The ratio table is a flexible tool that kids can use in understanding rational numbers, algebra, etc. Once it is a tool for thinking, kids can use it to make moves that make sense for them, often beginning with doubling or halving and then gradually making bigger moves. In *The Big Dinner*,[7] kids in grades 3 are introduced to the ratio table, including decimals, when they plan a big dinner. The model is further developed in *Field Trips and Fund-Raisers[8]*and *Best Buys, Ratios and Rates*.[9] It is a very helpful tool for multiplication, and division.

**Money**

Using money to help kids see equivalencies is a powerful strategy for operations with rational numbers. It is one of the focus models in adding and subtracting fractions.[10]

**Clock**

Time can be another powerful tool in building kid’s understanding of equivalencies: How much of an hour is 30 minutes? What is 1/3^{rd} of an hour? It is also a model for adding and subtracting fractions.[11]

[1] Fosnot, C. T. (2008). *Measuring for the Art Show: Addition on the Open Number Line*. Heinemann Press.

[2] Fosnot (2007). *Field Trips and Fund-Raisers; Introducing Fractions.* Heinemann. (Two week unit)

[3] Jacob & Fosnot (2007). *Best Buys, Ratios and Rates.* Heinemann. (Two week unit)

[4] Jacob & Fosnot (2007). *Best Buys, Ratios and Rates.* Heinemann. (Two week unit)

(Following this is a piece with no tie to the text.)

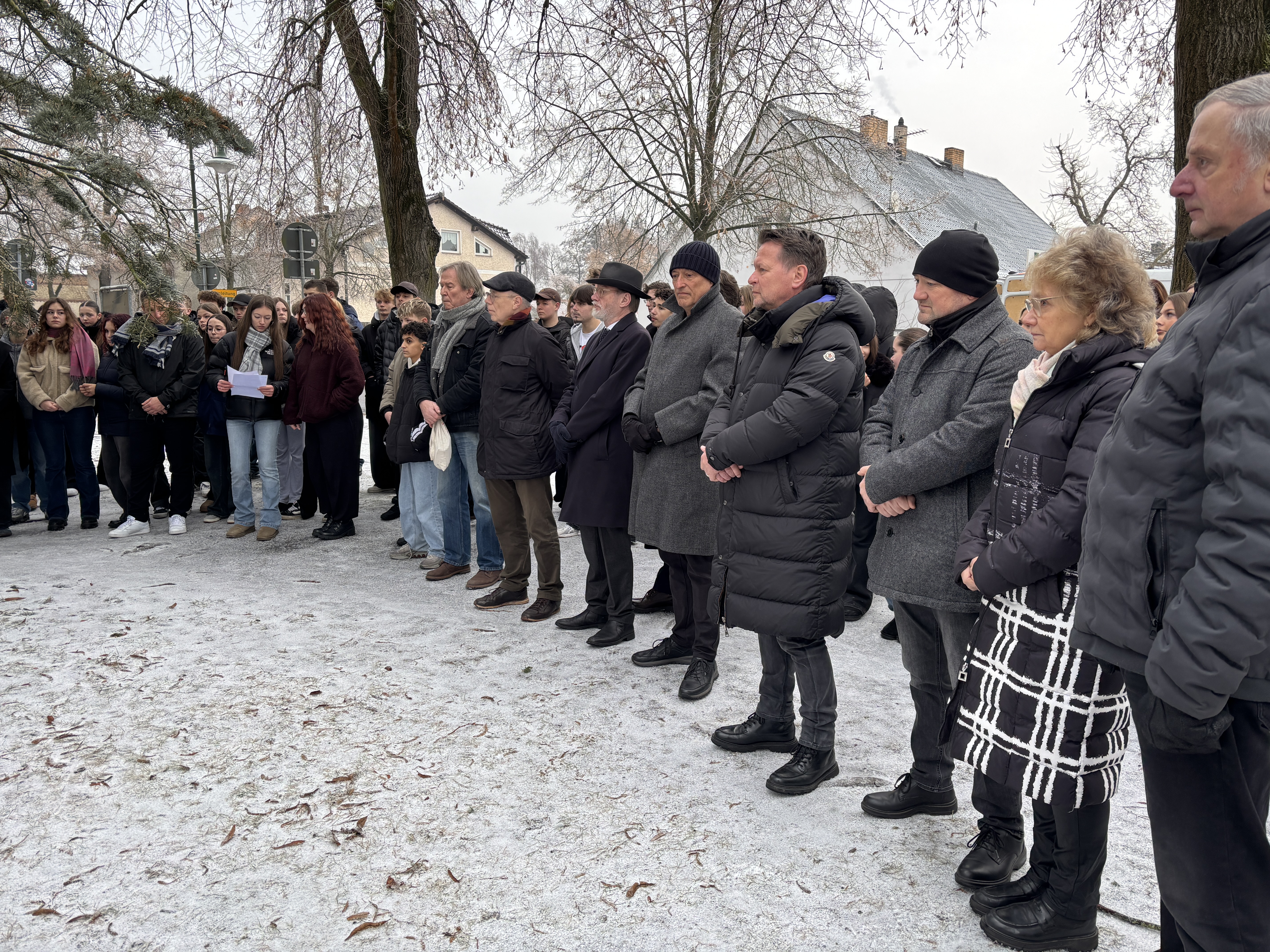 Schülerinnen und Schüler der Käthe-Kollwitz-Gesamtschule Mühlenbeck rahmten mit bewegenden Redebeiträgen die Gedenkveranstaltung ein. Sie verdeutlichten, dass Unmenschlichkeit oft mit Gleichgültigkeit beginne: „Es gibt immer noch Rassismus und Antisemitismus in der Welt. Wir müssen die Geschichte weitertragen gegen das Vergessen und gegen Relativierung.“

[5] Fostnot & Natale (2007). *The Teachers’ Lounge; Place Value and Division. *Heinemann. (Two week unit)

[6] Tarlow-Hellman & Fosnot (2007). *Exploring Parks and* *Playgrounds; Multiplication and Division with Fractions .* Heinemann. (Two week unit)

[7] Fosnot (2007). *The Big Dinner; Multiplication with the Ratio Table.* Heinemann. (Two week unit)

[8] Fosnot (2007). *Field Trips and Fund-Raisers; Introducing Fractions.* Heinemann. (Two week unit)

[9] Jacob & Fosnot (2007). *Best Buys, Ratios and Rates.* Heinemann. (Two week unit)

[10] Imm, Fosnot, & Uittenbogaard (2007). *Minilessons for Operations with Fractions, Decimals and Percents.* Heinemann.

[11] Imm, Fosnot, & Uittenbogaard (2007). *Minilessons for Operations with Fractions, Decimals and Percents.* Heinemann.